◆ TASK BRIEF:
Print exactly what appears from the line containing "Моро же важен" through the final line of the data below, pictures excluded.

═════ DATA BLOCK

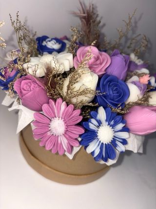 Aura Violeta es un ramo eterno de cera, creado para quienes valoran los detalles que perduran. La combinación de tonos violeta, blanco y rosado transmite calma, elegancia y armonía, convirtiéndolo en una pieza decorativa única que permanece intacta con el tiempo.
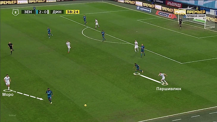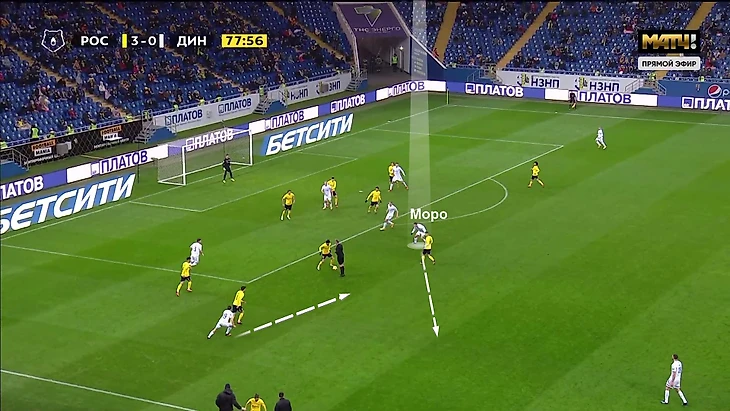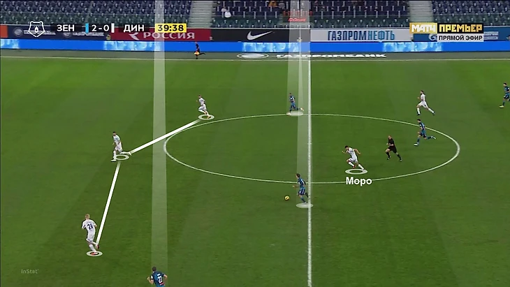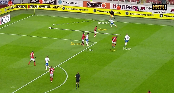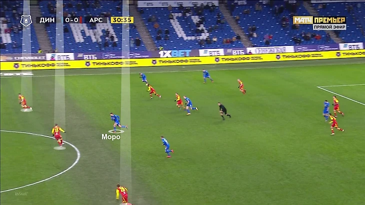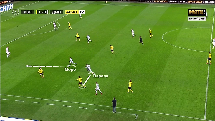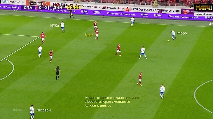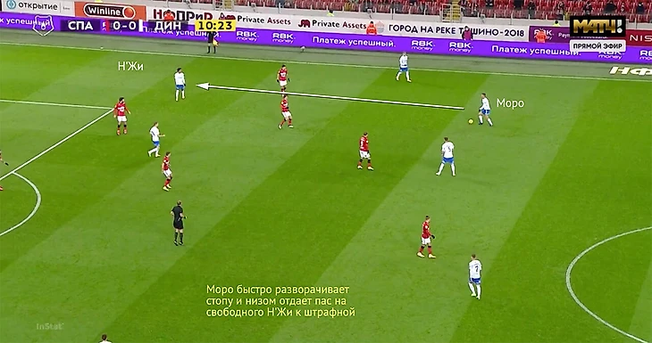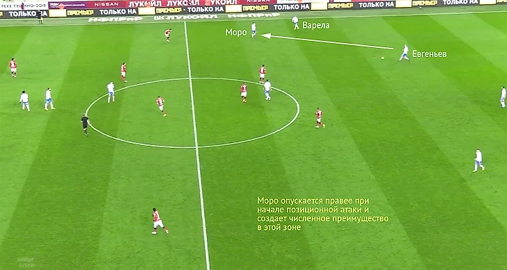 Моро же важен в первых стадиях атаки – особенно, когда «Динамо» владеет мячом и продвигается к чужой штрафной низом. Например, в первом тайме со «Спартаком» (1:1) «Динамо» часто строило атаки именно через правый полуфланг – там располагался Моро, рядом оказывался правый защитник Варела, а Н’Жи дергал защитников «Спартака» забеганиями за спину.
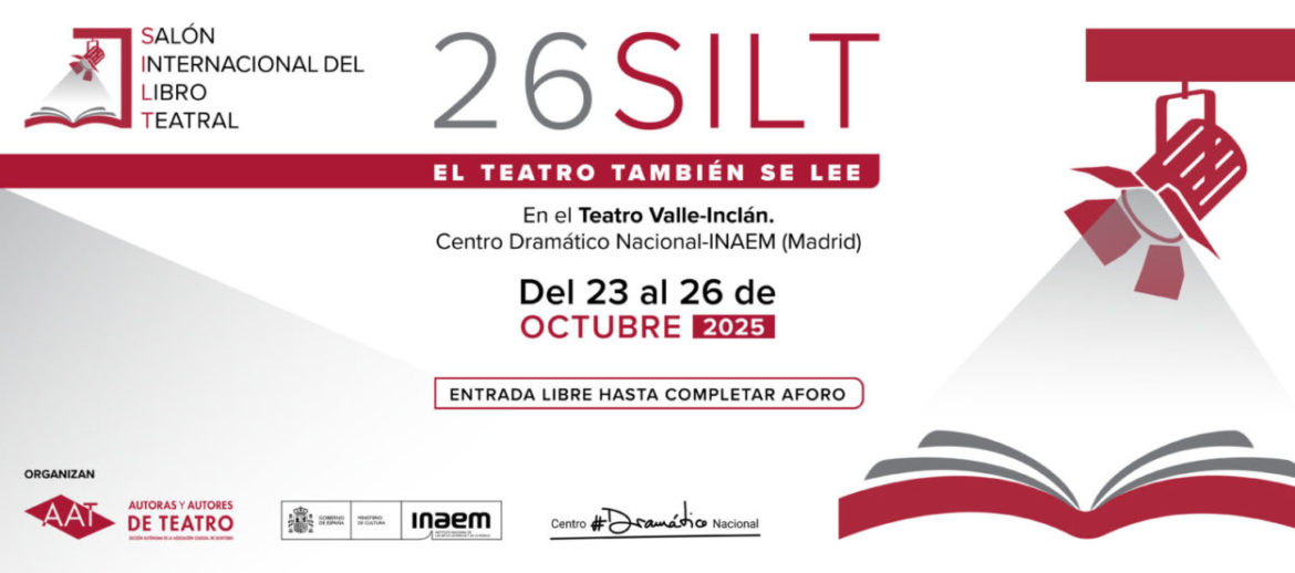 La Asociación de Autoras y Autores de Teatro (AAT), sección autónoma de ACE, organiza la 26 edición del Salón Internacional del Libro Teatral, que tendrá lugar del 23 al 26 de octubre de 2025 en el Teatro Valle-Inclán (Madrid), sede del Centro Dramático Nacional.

══════════

◆ EXERCISE RESULT:
 Моро же важен в первых стадиях атаки – особенно, когда «Динамо» владеет мячом и продвигается к чужой штрафной низом. Например, в первом тайме со «Спартаком» (1:1) «Динамо» часто строило атаки именно через правый полуфланг – там располагался Моро, рядом оказывался правый защитник Варела, а Н’Жи дергал защитников «Спартака» забеганиями за спину.
 La Asociación de Autoras y Autores de Teatro (AAT), sección autónoma de ACE, organiza la 26 edición del Salón Internacional del Libro Teatral, que tendrá lugar del 23 al 26 de octubre de 2025 en el Teatro Valle-Inclán (Madrid), sede del Centro Dramático Nacional.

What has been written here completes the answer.